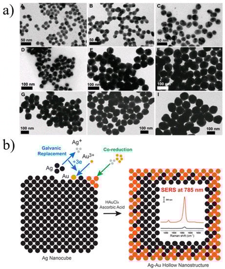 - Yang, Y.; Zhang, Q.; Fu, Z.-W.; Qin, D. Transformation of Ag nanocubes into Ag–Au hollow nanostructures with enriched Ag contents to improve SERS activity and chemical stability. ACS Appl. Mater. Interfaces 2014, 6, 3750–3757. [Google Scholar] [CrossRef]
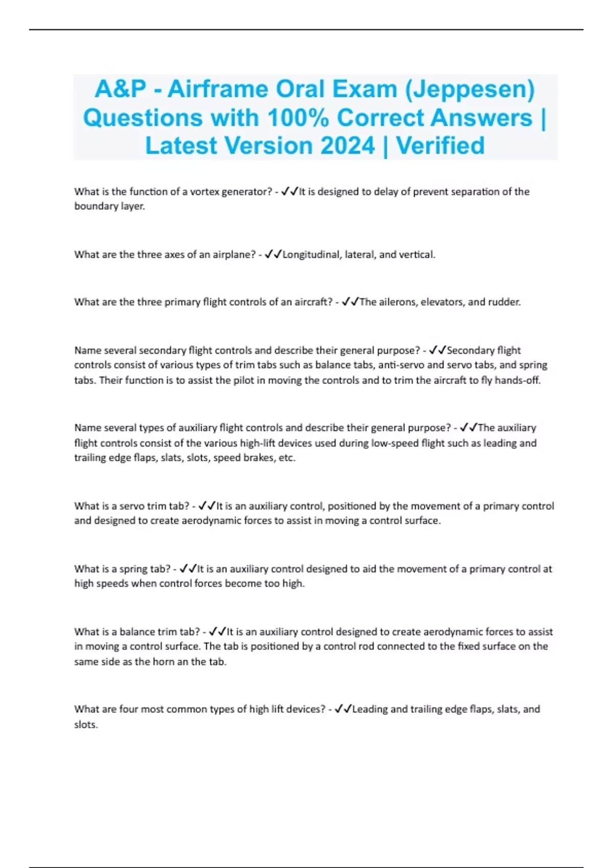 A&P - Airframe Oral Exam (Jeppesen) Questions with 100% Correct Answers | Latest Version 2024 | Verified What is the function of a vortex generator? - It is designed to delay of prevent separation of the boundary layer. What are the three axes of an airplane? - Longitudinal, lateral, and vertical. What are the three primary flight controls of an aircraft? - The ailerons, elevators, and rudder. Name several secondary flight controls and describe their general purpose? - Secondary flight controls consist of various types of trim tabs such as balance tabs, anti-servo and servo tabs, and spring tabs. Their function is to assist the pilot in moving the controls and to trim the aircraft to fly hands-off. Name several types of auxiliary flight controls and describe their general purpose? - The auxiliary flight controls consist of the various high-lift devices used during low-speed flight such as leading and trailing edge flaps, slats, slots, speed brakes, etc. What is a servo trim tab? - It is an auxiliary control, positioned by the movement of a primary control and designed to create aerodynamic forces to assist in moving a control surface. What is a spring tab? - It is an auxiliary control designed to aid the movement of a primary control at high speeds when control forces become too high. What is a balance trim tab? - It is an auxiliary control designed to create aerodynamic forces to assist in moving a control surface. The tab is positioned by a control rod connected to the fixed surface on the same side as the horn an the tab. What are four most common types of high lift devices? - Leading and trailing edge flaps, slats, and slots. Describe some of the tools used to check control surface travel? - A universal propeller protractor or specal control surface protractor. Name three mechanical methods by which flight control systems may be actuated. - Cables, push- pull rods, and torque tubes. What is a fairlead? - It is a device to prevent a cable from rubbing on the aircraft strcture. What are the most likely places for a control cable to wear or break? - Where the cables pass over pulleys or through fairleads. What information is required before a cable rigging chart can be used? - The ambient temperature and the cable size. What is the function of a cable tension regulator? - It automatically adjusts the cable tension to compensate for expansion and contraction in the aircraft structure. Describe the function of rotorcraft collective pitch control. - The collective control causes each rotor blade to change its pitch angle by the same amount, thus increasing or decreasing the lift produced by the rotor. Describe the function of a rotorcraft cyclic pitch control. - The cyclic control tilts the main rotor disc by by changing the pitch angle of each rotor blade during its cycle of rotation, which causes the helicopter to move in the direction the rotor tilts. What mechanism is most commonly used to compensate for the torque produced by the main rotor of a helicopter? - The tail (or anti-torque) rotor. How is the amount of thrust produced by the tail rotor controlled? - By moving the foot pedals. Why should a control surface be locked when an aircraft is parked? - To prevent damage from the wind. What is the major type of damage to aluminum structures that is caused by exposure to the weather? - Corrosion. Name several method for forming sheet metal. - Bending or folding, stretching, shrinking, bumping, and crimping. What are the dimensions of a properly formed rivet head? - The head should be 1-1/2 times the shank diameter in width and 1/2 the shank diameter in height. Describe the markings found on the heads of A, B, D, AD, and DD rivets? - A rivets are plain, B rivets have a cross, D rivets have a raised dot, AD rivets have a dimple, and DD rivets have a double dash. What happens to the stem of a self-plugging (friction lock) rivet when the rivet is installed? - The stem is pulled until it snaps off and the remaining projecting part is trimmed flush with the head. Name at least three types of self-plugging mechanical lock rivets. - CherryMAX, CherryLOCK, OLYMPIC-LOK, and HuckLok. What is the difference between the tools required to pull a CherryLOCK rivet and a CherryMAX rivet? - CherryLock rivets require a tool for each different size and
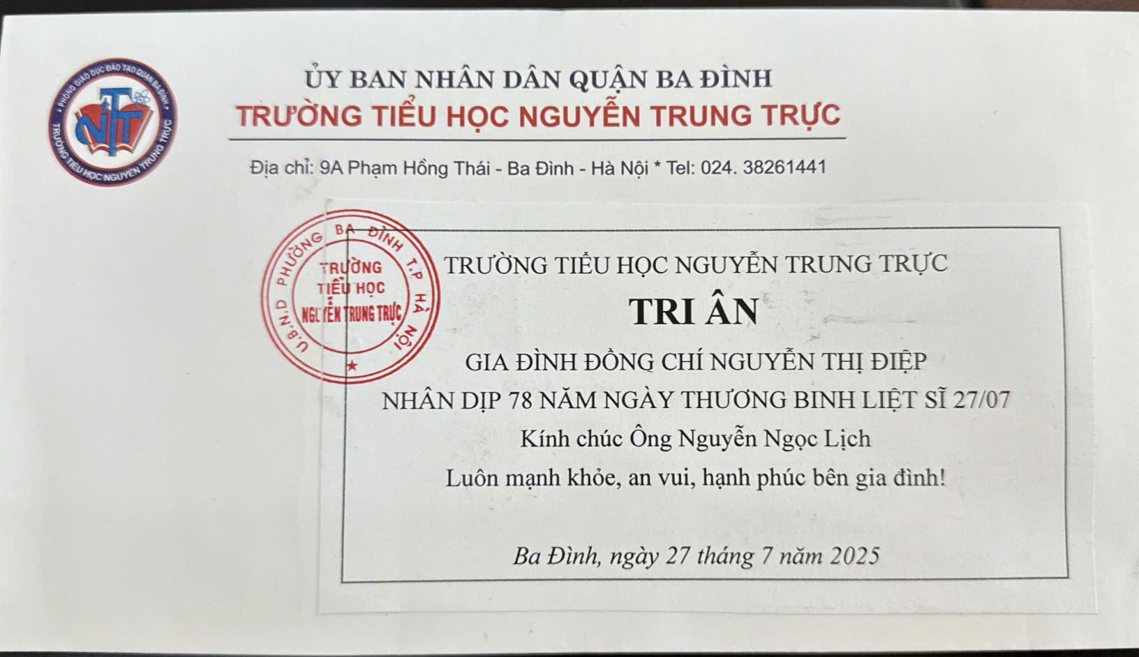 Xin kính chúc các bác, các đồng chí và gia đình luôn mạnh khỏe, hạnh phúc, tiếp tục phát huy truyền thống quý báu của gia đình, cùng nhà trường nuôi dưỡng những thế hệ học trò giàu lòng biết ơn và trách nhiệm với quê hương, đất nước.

******************************

YOUR ASSIGNMENT =
Please retype the material above exactly, and omit its images.

TASK SOLUTION =
 - Yang, Y.; Zhang, Q.; Fu, Z.-W.; Qin, D. Transformation of Ag nanocubes into Ag–Au hollow nanostructures with enriched Ag contents to improve SERS activity and chemical stability. ACS Appl. Mater. Interfaces 2014, 6, 3750–3757. [Google Scholar] [CrossRef]
 A&P - Airframe Oral Exam (Jeppesen) Questions with 100% Correct Answers | Latest Version 2024 | Verified What is the function of a vortex generator? - It is designed to delay of prevent separation of the boundary layer. What are the three axes of an airplane? - Longitudinal, lateral, and vertical. What are the three primary flight controls of an aircraft? - The ailerons, elevators, and rudder. Name several secondary flight controls and describe their general purpose? - Secondary flight controls consist of various types of trim tabs such as balance tabs, anti-servo and servo tabs, and spring tabs. Their function is to assist the pilot in moving the controls and to trim the aircraft to fly hands-off. Name several types of auxiliary flight controls and describe their general purpose? - The auxiliary flight controls consist of the various high-lift devices used during low-speed flight such as leading and trailing edge flaps, slats, slots, speed brakes, etc. What is a servo trim tab? - It is an auxiliary control, positioned by the movement of a primary control and designed to create aerodynamic forces to assist in moving a control surface. What is a spring tab? - It is an auxiliary control designed to aid the movement of a primary control at high speeds when control forces become too high. What is a balance trim tab? - It is an auxiliary control designed to create aerodynamic forces to assist in moving a control surface. The tab is positioned by a control rod connected to the fixed surface on the same side as the horn an the tab. What are four most common types of high lift devices? - Leading and trailing edge flaps, slats, and slots. Describe some of the tools used to check control surface travel? - A universal propeller protractor or specal control surface protractor. Name three mechanical methods by which flight control systems may be actuated. - Cables, push- pull rods, and torque tubes. What is a fairlead? - It is a device to prevent a cable from rubbing on the aircraft strcture. What are the most likely places for a control cable to wear or break? - Where the cables pass over pulleys or through fairleads. What information is required before a cable rigging chart can be used? - The ambient temperature and the cable size. What is the function of a cable tension regulator? - It automatically adjusts the cable tension to compensate for expansion and contraction in the aircraft structure. Describe the function of rotorcraft collective pitch control. - The collective control causes each rotor blade to change its pitch angle by the same amount, thus increasing or decreasing the lift produced by the rotor. Describe the function of a rotorcraft cyclic pitch control. - The cyclic control tilts the main rotor disc by by changing the pitch angle of each rotor blade during its cycle of rotation, which causes the helicopter to move in the direction the rotor tilts. What mechanism is most commonly used to compensate for the torque produced by the main rotor of a helicopter? - The tail (or anti-torque) rotor. How is the amount of thrust produced by the tail rotor controlled? - By moving the foot pedals. Why should a control surface be locked when an aircraft is parked? - To prevent damage from the wind. What is the major type of damage to aluminum structures that is caused by exposure to the weather? - Corrosion. Name several method for forming sheet metal. - Bending or folding, stretching, shrinking, bumping, and crimping. What are the dimensions of a properly formed rivet head? - The head should be 1-1/2 times the shank diameter in width and 1/2 the shank diameter in height. Describe the markings found on the heads of A, B, D, AD, and DD rivets? - A rivets are plain, B rivets have a cross, D rivets have a raised dot, AD rivets have a dimple, and DD rivets have a double dash. What happens to the stem of a self-plugging (friction lock) rivet when the rivet is installed? - The stem is pulled until it snaps off and the remaining projecting part is trimmed flush with the head. Name at least three types of self-plugging mechanical lock rivets. - CherryMAX, CherryLOCK, OLYMPIC-LOK, and HuckLok. What is the difference between the tools required to pull a CherryLOCK rivet and a CherryMAX rivet? - CherryLock rivets require a tool for each different size and
 Xin kính chúc các bác, các đồng chí và gia đình luôn mạnh khỏe, hạnh phúc, tiếp tục phát huy truyền thống quý báu của gia đình, cùng nhà trường nuôi dưỡng những thế hệ học trò giàu lòng biết ơn và trách nhiệm với quê hương, đất nước.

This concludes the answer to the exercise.